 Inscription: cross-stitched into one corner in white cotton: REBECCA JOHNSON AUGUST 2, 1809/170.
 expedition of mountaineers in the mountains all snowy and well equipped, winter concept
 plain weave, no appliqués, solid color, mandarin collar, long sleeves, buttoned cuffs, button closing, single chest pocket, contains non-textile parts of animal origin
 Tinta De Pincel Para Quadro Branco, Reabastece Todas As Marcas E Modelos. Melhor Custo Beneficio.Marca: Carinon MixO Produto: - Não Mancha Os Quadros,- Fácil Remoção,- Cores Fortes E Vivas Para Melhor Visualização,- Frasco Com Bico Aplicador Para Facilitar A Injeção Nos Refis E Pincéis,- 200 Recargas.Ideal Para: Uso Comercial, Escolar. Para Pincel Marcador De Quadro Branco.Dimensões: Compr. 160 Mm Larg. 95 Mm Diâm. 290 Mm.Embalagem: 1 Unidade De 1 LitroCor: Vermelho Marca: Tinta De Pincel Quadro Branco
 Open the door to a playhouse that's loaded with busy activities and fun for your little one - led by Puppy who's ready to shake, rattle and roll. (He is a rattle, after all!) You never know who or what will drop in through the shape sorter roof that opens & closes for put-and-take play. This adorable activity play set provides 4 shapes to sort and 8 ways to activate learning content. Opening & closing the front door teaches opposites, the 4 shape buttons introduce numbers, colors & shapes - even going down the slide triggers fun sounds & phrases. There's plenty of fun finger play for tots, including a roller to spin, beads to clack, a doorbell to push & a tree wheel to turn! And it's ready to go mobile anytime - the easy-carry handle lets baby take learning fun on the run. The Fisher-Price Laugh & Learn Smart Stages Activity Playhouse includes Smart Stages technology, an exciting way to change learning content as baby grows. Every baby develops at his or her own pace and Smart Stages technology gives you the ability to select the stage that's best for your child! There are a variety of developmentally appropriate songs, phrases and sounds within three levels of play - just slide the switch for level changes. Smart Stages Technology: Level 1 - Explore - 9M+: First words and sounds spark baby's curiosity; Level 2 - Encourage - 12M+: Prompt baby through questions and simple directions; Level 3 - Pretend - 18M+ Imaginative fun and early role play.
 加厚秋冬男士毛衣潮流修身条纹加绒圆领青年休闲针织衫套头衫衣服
════════════════
=== ABOUT THIS EXERCISE ===
Return, word for word, every line from the top of the entries down to the line that holds "plain weave, no", both included.

=== TASK ANSWER ===
 Inscription: cross-stitched into one corner in white cotton: REBECCA JOHNSON AUGUST 2, 1809/170.
 expedition of mountaineers in the mountains all snowy and well equipped, winter concept
 plain weave, no appliqués, solid color, mandarin collar, long sleeves, buttoned cuffs, button closing, single chest pocket, contains non-textile parts of animal origin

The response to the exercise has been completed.